§ **HOW TO COMPLETE THIS TASK**
Set down precisely the lines from the line with "19.50 Казахстанский Dj" through the end of the material, inclusive, and no pictures.
(SOURCE DATA)
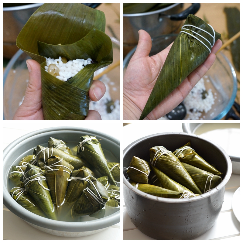 7. 包好的粽子可以直接放在盛了凉水的高压锅中,也可以放在一个水盆里泡着;
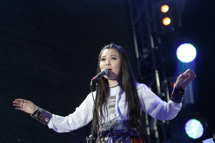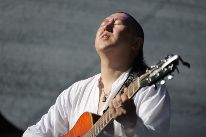 19.50 Казахстанский Dj Nariman Issenov вышел на сцену вместе с якутским трио "Айархаан".
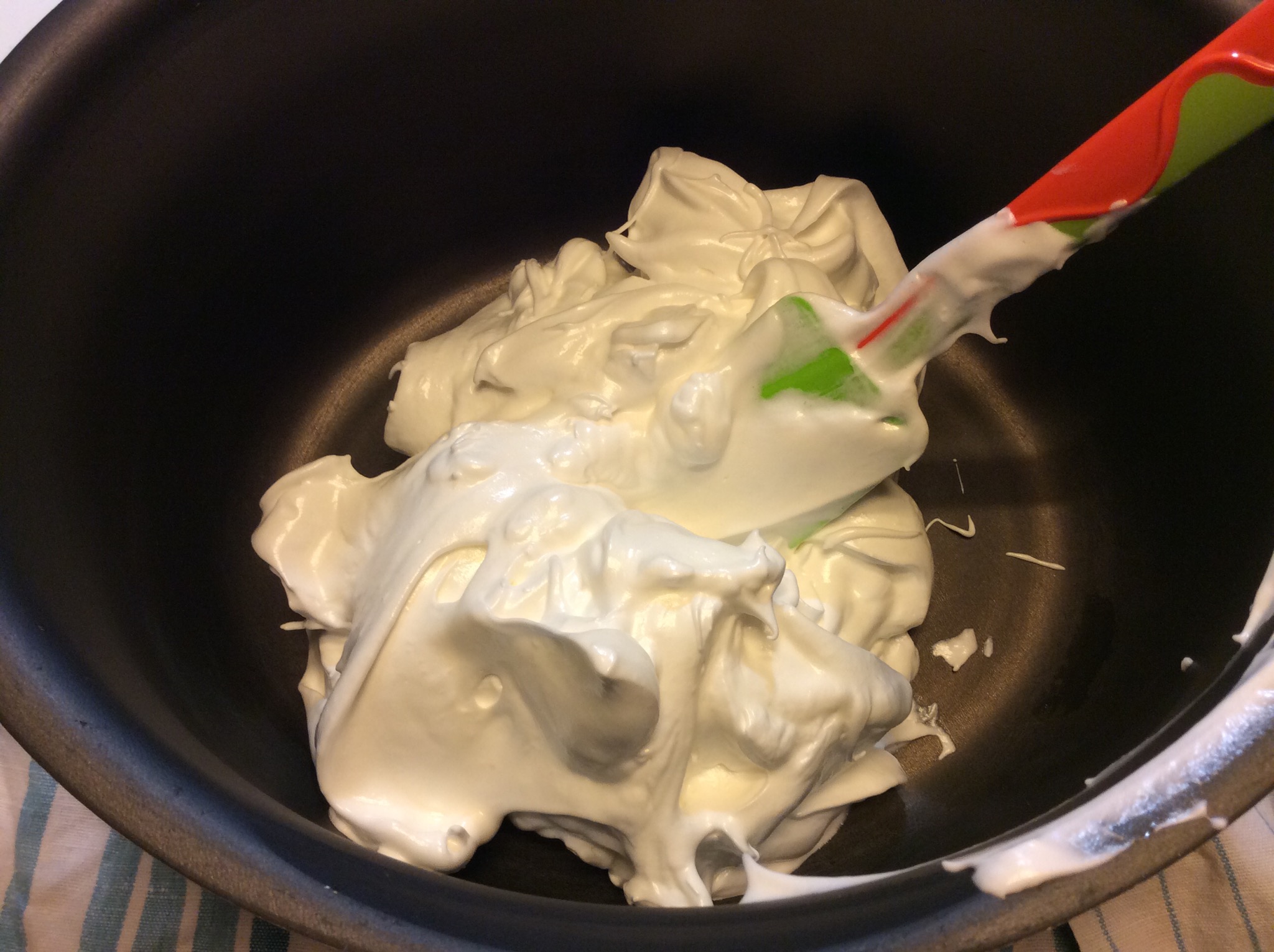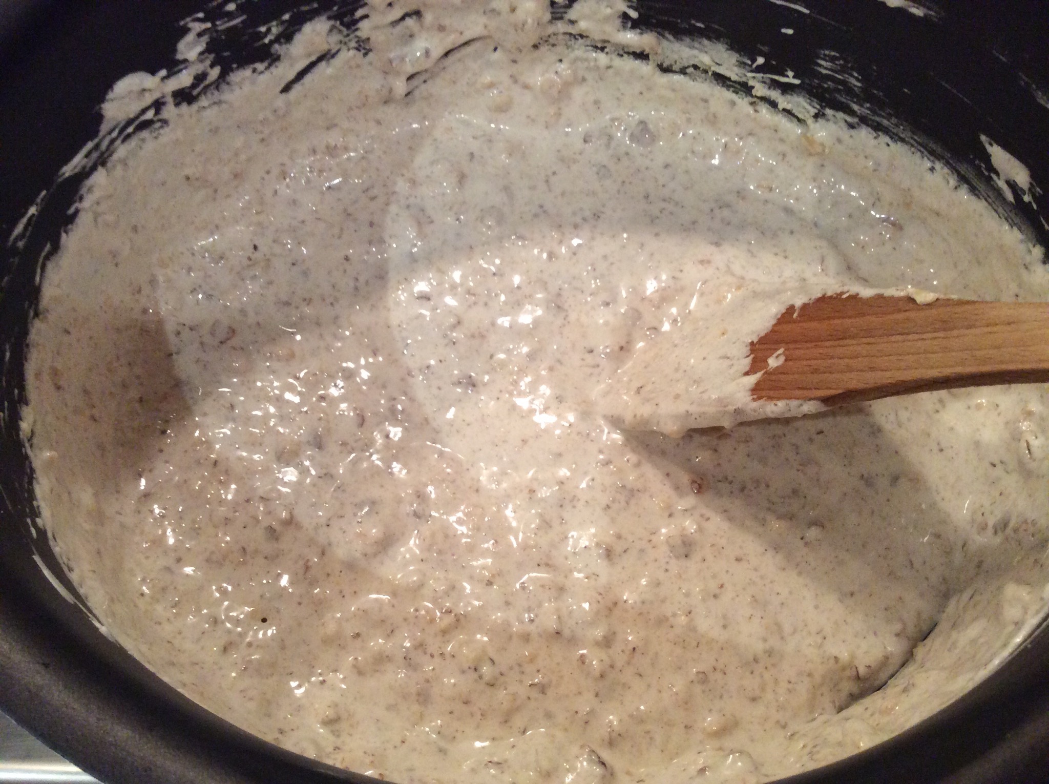 Dopo circa 15 minuti vedrete che l’impasto inizierà ad asciugare, se avete un termometro la temperatura ideale è di 90 gradi, ma potete fare tranquillamente ad occhio, è pronto quando inizia a compattare
(End SOURCE DATA)
§ **COMPLETED TASK**
 19.50 Казахстанский Dj Nariman Issenov вышел на сцену вместе с якутским трио "Айархаан".
 Dopo circa 15 minuti vedrete che l’impasto inizierà ad asciugare, se avete un termometro la temperatura ideale è di 90 gradi, ma potete fare tranquillamente ad occhio, è pronto quando inizia a compattare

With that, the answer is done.